In the previous blog post, we introduced the background, motivation, objectives, challenges, and goals of this experiment in identifying programming languages in code files.
Introduction
In this post, will go through the benchmarking, testing, and analysis methods that I’m employing in more detail.
Benchmarking procedure
First we’ll go through the benchmarking protocol, called Programming Language Identification (PLI) that we’ve been utilizing on the CodeCommons project [1].
As I’d gone over in the previous post, the project has been heavily making use of the Linguist dataset from GitHub for prototyping and testing prior to full execution on the Software Heritage (SWH) archive [2].
With this dataset, we run the
- selected utility across
- each of the 3039 dataset files
one by one, recording the results.
We receive the results in a parseable .json format.
Accuracy benchmarking
We receive the results of accuracy benchmarking in benchmark-<utility_name>-output.json and they look somewhat like this:
{
"results": [
{
"filename": "/samples/Prolog/dleak-report",
"output": "{\"/samples/Prolog/dleak-report\":{\"lines\":11,\"sloc\":8,\"type\":\"Text\",\"mime_type\":\"text/plain\",\"language\":\"Prolog\",\"large\":false,\"generated\":false,\"vendored\":false}}\n"
},
{
"filename": "/samples/Prolog/plunit_test_example.plt",
"output": "{\"/samples/Prolog/plunit_test_example.plt\":{\"lines\":11,\"sloc\":7,\"type\":\"Text\",\"mime_type\":\"application/vnd.hp-HPGL\",\"language\":\"Prolog\",\"large\":false,\"generated\":false,\"vendored\":false}}\n"
},
{
"filename": "/samples/Prolog/logic-problem.pro",
"output": "{\"/samples/Prolog/logic-problem.pro\":{\"lines\":68,\"sloc\":60,\"type\":\"Text\",\"mime_type\":\"text/plain\",\"language\":\"Prolog\",\"large\":false,\"generated\":false,\"vendored\":false}}\n"
}
]
}
In each entry, we first have the filename, followed by the “output,” including numerous elements of metadata, among which is the identified programming language.
Speed benchmarking
Similarly, we have the speed-related metrics in a benchmark-<utility_name>-hyperfine.json file.
{
"results": [
{
"command": "github-linguist --json '/samples/Prolog/dleak-report' > /results/tmp_file",
"mean": 0.39646997458,
"stddev": null,
"median": 0.39646997458,
"user": 0.36022556,
"system": 0.03594272,
"min": 0.39646997458,
"max": 0.39646997458,
"times": [
0.39646997458
],
"exit_codes": [
0
],
"parameters": {
"filename": "/samples/Prolog/dleak-report"
}
},
{
"command": "github-linguist --json '/samples/Prolog/plunit_test_example.plt' > /results/tmp_file",
"mean": 0.40772620558,
"stddev": null,
"median": 0.40772620558,
"user": 0.36764456,
"system": 0.03987772,
"min": 0.40772620558,
"max": 0.40772620558,
"times": [
0.40772620558
],
"exit_codes": [
0
],
"parameters": {
"filename": "/samples/Prolog/plunit_test_example.plt"
}
},
{
"command": "github-linguist --json '/samples/Prolog/logic-problem.pro' > /results/tmp_file",
"mean": 0.40617827458,
"stddev": null,
"median": 0.40617827458,
"user": 0.38222656,
"system": 0.023823719999999996,
"min": 0.40617827458,
"max": 0.40617827458,
"times": [
0.40617827458
],
"exit_codes": [
0
],
"parameters": {
"filename": "/samples/Prolog/logic-problem.pro"
}
}
]
}
With numerous speed-related metrics, namely the time that it required to analyze the file in question.
Analysis
With these benchmark results of accuracy and speed, we are able to analyze the results.

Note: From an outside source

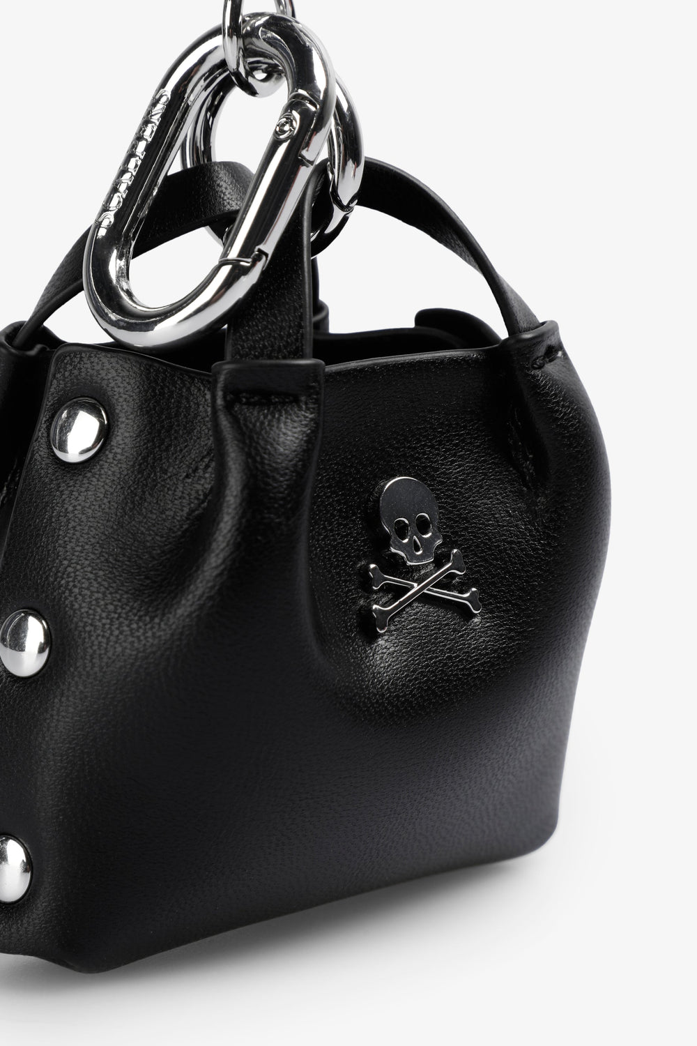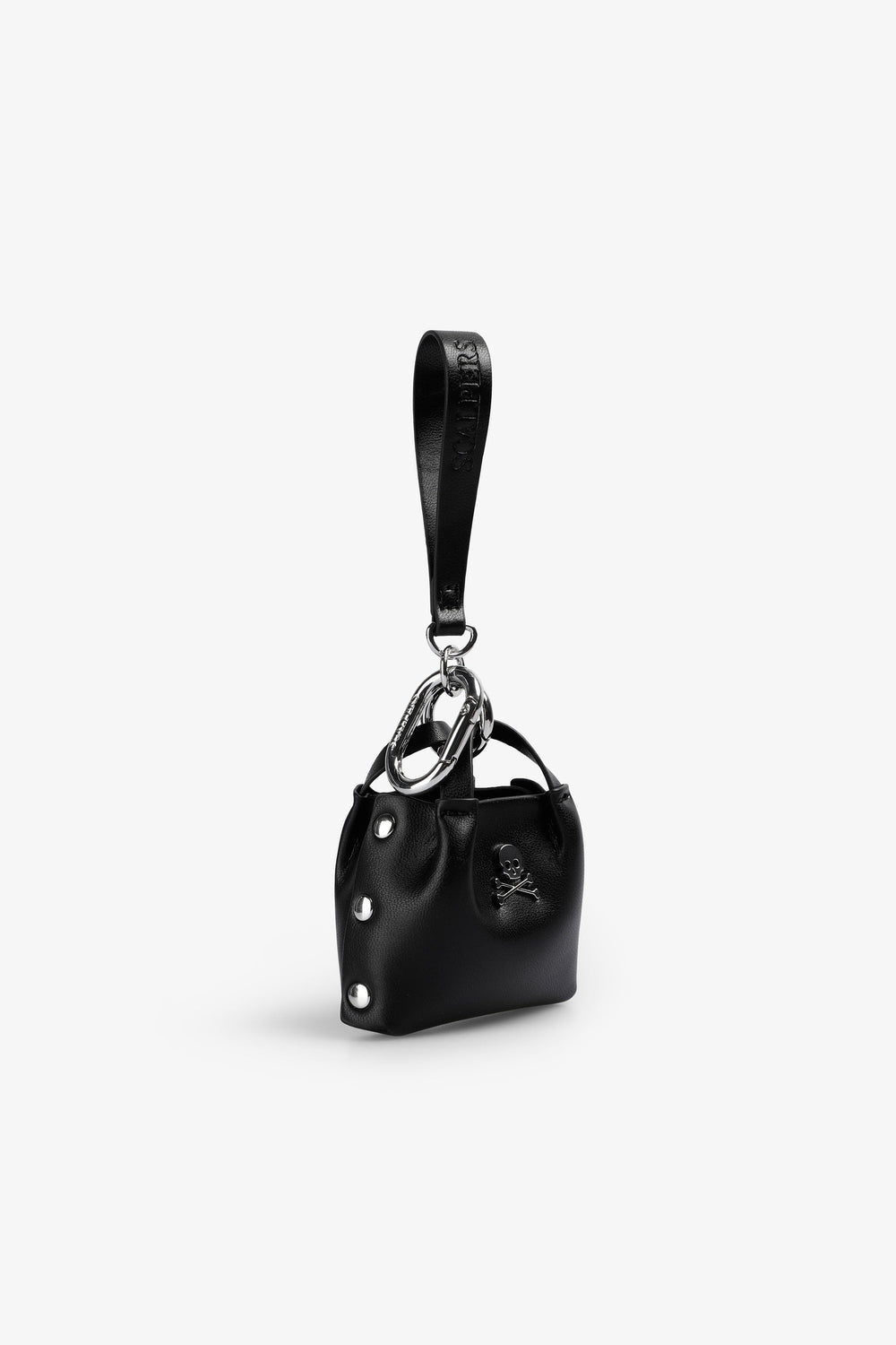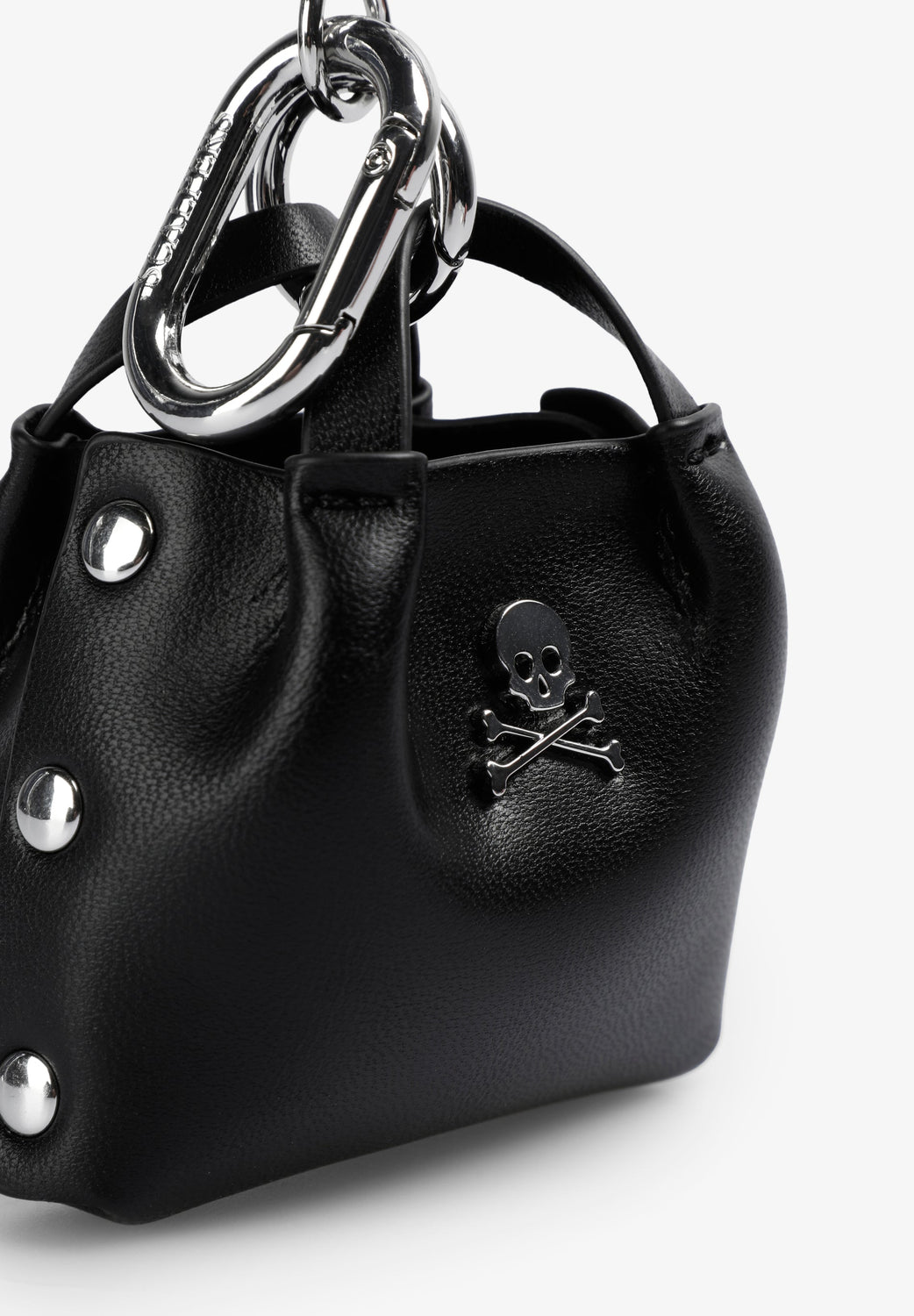 Llavero en forma de mini bolsa con parche de logo metálico.

Using Pandas data frames and NumPy, we produce numerous analyses in the realm of accuracy and speed.
Accuracy analyses
Amongst several analyses, we produce the
- Success count per language
- Success rate per language
- List of discrepancy files
- Final accuracy statistics
Finally, we produce graphs, visually representing the general accuracy of the utility.

Speed analyses
In this analysis, we produce the
- execution time per file
- execution time per programming language
Likewise, we produce a graph, visually representing general speed of the utility.

Further references
A full example directory of a full analysis can be found here.
Conclusion
Having discussed the result of the programming language identification benchmarking and the analysis format, we’ll discuss initial results of programming language identification benchmarking in the next post.
References
[1] “PLI Benchmark,” CodeCommons GitLab repository, 20 Nov. 2024. [Online]. Available: https://gitlab.softwareheritage.org/teams/codecommons/pli-benchmark (access restricted).
[2] GitHub, Inc., “Linguist sample files dataset,” GitHub Linguist repository, commit a7e40d3, 2025. [Online]. Available: https://github.com/github-linguist/linguist/tree/main/samples.